The Ludham Parish council owns some of the moorings at Womack Water. Others are in the hands of the waterfront businesses.
We don't stay long at Womack. We cruise in a circle around the head of navigation and make our way back to the River Thurne.
Once back on the Thurne we turn upstream to make our way back to Potter. It's not long before we encounter a yacht. It turns out it's Slantendicular, but I didn't know that at the time. I just felt embarrassed as I misread our relative speeds and where she was going to tack and opted to go one side of her only to discover that they needed me on the other. Clearly, I've been too long off the water!
Slantendicular is an interesting boat. She's a "River Cruiser" which, in essence, means she meets the criteria to be considered a traditional Broads yacht. However, she was only completed in 2004 after a four year home build by her designer and original owner. I understand that she is unique, being constructed of sheets of marine ply on mahogany frames, rather than the usual carvel construction. She was sold a few years ago, through the local yacht brokers Topsail, and it was their site which reminded me of the little I knew about her.
At around 16:05 we meet the unique River Cruiser Slantendicular tacking towards us.

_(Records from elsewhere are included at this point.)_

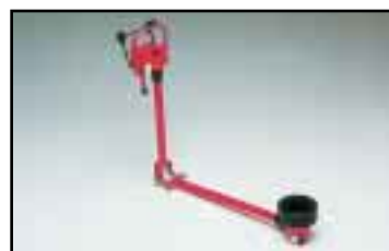
Flexible extended control unit. Useful when stacking goods high up on a pallet etc. Available in various lengths.
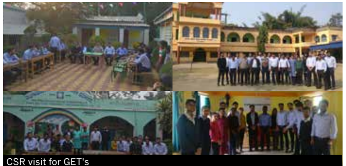
CSR visit for GET's

GETs of the 2019-20 batch visited the major CSR projects as a part of the training program. The projects they visited included Jafala Junior High School, Baradiha Primary School, Gholageria School, Jamboni School, Disinda School and Rupnarayanpur School
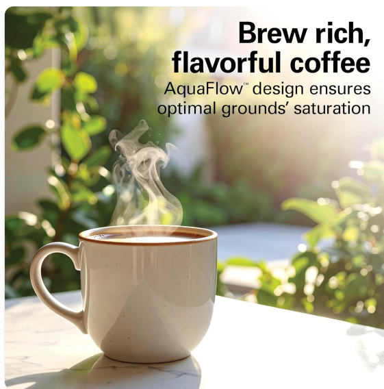
Image 1: AquaFlow Showerhead. The unique AquaFlow showerhead ensures optimal saturation of coffee grounds for a rich, flavorful brew.
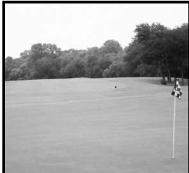
WOODHAVEN GOLF COURSE
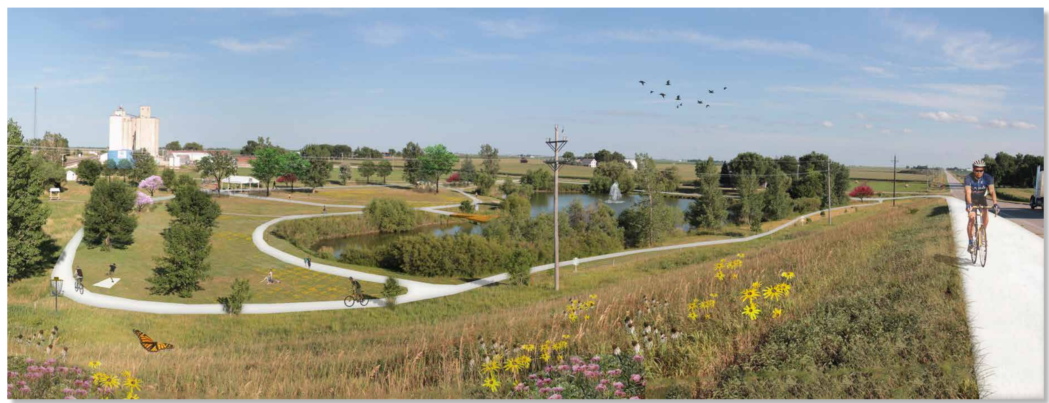
Perspective A: Pond Park with proposed trail routing as see from the viaduct. Pending future viaduct improvements, a paved shoulder trail would be installed on the east side.
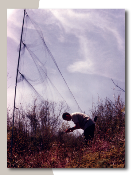
Field workers are at risk of WNV infection from mosquitoes. They also are at risk if they handle infected animals or tissues and their skin is penetrated or cut.

Although WNV is most often transmitted by the bite of infected mosquitoes, the virus can also be transmitted through contact with infected animals, their blood, or other tissues. Thus laboratory, field, and clinical workers who handle tissues or fluids infected with WNV or who perform necropsies are at risk of WNV exposure. Outdoor workers are at risk of WNV exposure whenever mosquitoes are biting.*
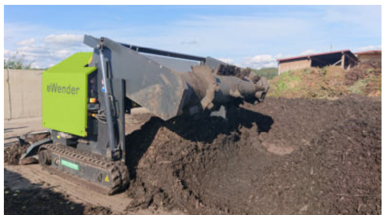
Rotor lifts up to 90°
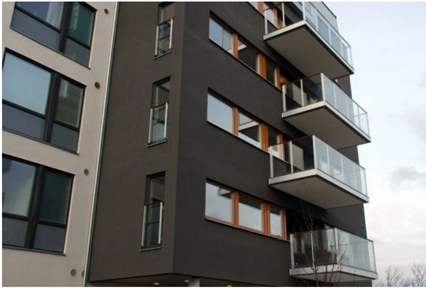
Victoria Park Malmö
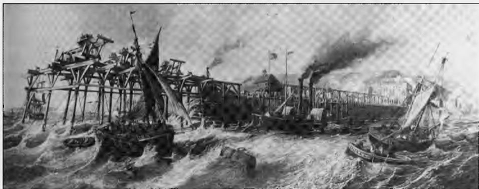
Construction of the Admiralty Pier

Then in 1897 Dover became one of the first towns to introduce trams. Three miles of track were laid and the penny fare proved to be very popular.
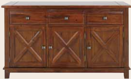
Large Sideboard REG 040 Width: 1501 Height: 850 Depth: 450

Fifteen minutes after the encounter with Slantendicular and we're well into the "urban" environment of Potter Heigham, with rows of bungalows on both sides of the river, many with docks for small craft where, on a more conventional street, there would be a driveway. It's easy to think how pleasant they are and forget that there are no roads behind these buildings. It's a long walk with heavy bags when you do your shopping if you don't have a boat as well!
In some lights you can mistake the river for tarmac on the approach to Potter Heigham.
Finally, just before 16:30 and half an hour before we were due to return the boat, we are back at Maycraft's yard and unloading all our gear and preparing for the half mile walk back to the car. While there had been some cloud in the morning, the weather couldn't really have been better and reminded us both of that on our wedding day!
I persuade Diana that we need a concluding image for the trip. Unpacking our gear from the boat at Maycraft was going to be it.